Dataset entries:
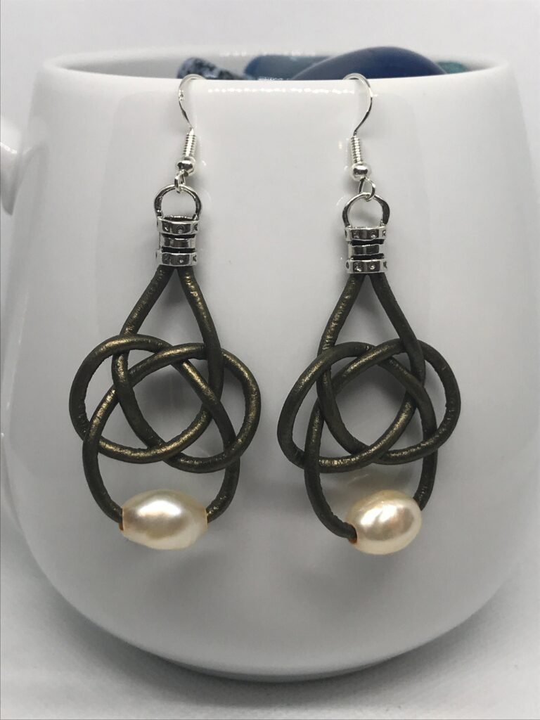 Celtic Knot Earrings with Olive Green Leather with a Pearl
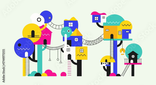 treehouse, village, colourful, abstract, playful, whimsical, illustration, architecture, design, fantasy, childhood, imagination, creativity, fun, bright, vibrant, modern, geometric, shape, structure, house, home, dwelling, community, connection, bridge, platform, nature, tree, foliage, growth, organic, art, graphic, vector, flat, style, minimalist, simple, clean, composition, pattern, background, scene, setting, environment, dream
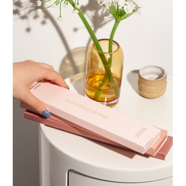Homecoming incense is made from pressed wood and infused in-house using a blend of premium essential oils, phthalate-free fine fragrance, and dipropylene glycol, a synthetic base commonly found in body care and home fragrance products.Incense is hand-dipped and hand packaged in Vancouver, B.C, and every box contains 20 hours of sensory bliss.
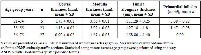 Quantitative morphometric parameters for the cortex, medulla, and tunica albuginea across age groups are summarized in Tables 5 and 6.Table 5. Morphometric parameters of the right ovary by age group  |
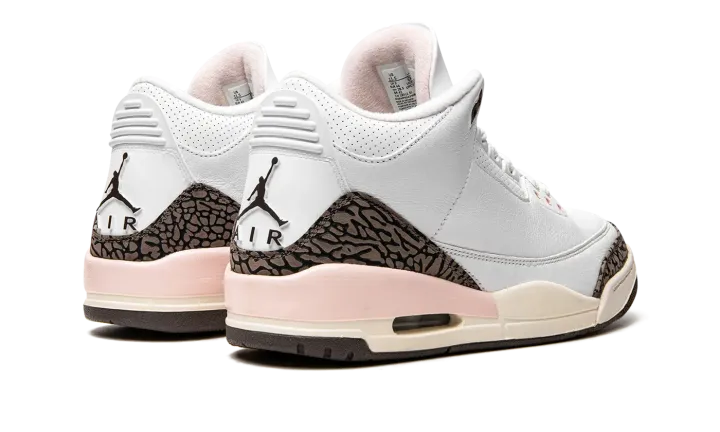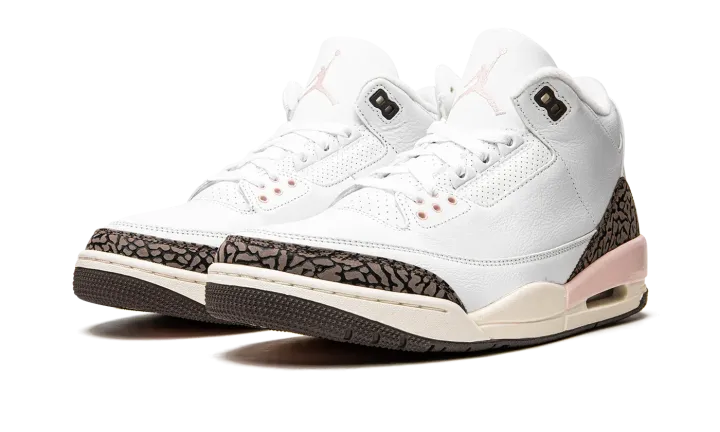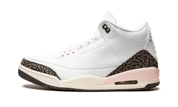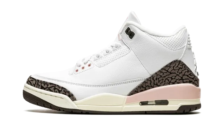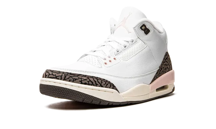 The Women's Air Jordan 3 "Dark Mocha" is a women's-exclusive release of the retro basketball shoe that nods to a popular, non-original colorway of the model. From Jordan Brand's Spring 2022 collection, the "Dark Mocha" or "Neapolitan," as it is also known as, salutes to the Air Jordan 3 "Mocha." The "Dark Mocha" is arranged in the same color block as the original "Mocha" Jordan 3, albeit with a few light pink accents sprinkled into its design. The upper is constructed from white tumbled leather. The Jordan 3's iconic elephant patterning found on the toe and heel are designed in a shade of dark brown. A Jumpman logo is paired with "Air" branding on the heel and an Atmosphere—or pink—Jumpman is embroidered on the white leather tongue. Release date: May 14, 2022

Problem to work on: Pictures aside, restate all of the entries exactly.

Result for this exercise:
 Celtic Knot Earrings with Olive Green Leather with a Pearl
 treehouse, village, colourful, abstract, playful, whimsical, illustration, architecture, design, fantasy, childhood, imagination, creativity, fun, bright, vibrant, modern, geometric, shape, structure, house, home, dwelling, community, connection, bridge, platform, nature, tree, foliage, growth, organic, art, graphic, vector, flat, style, minimalist, simple, clean, composition, pattern, background, scene, setting, environment, dream
Homecoming incense is made from pressed wood and infused in-house using a blend of premium essential oils, phthalate-free fine fragrance, and dipropylene glycol, a synthetic base commonly found in body care and home fragrance products.Incense is hand-dipped and hand packaged in Vancouver, B.C, and every box contains 20 hours of sensory bliss.
 Quantitative morphometric parameters for the cortex, medulla, and tunica albuginea across age groups are summarized in Tables 5 and 6.Table 5. Morphometric parameters of the right ovary by age group  |
 The Women's Air Jordan 3 "Dark Mocha" is a women's-exclusive release of the retro basketball shoe that nods to a popular, non-original colorway of the model. From Jordan Brand's Spring 2022 collection, the "Dark Mocha" or "Neapolitan," as it is also known as, salutes to the Air Jordan 3 "Mocha." The "Dark Mocha" is arranged in the same color block as the original "Mocha" Jordan 3, albeit with a few light pink accents sprinkled into its design. The upper is constructed from white tumbled leather. The Jordan 3's iconic elephant patterning found on the toe and heel are designed in a shade of dark brown. A Jumpman logo is paired with "Air" branding on the heel and an Atmosphere—or pink—Jumpman is embroidered on the white leather tongue. Release date: May 14, 2022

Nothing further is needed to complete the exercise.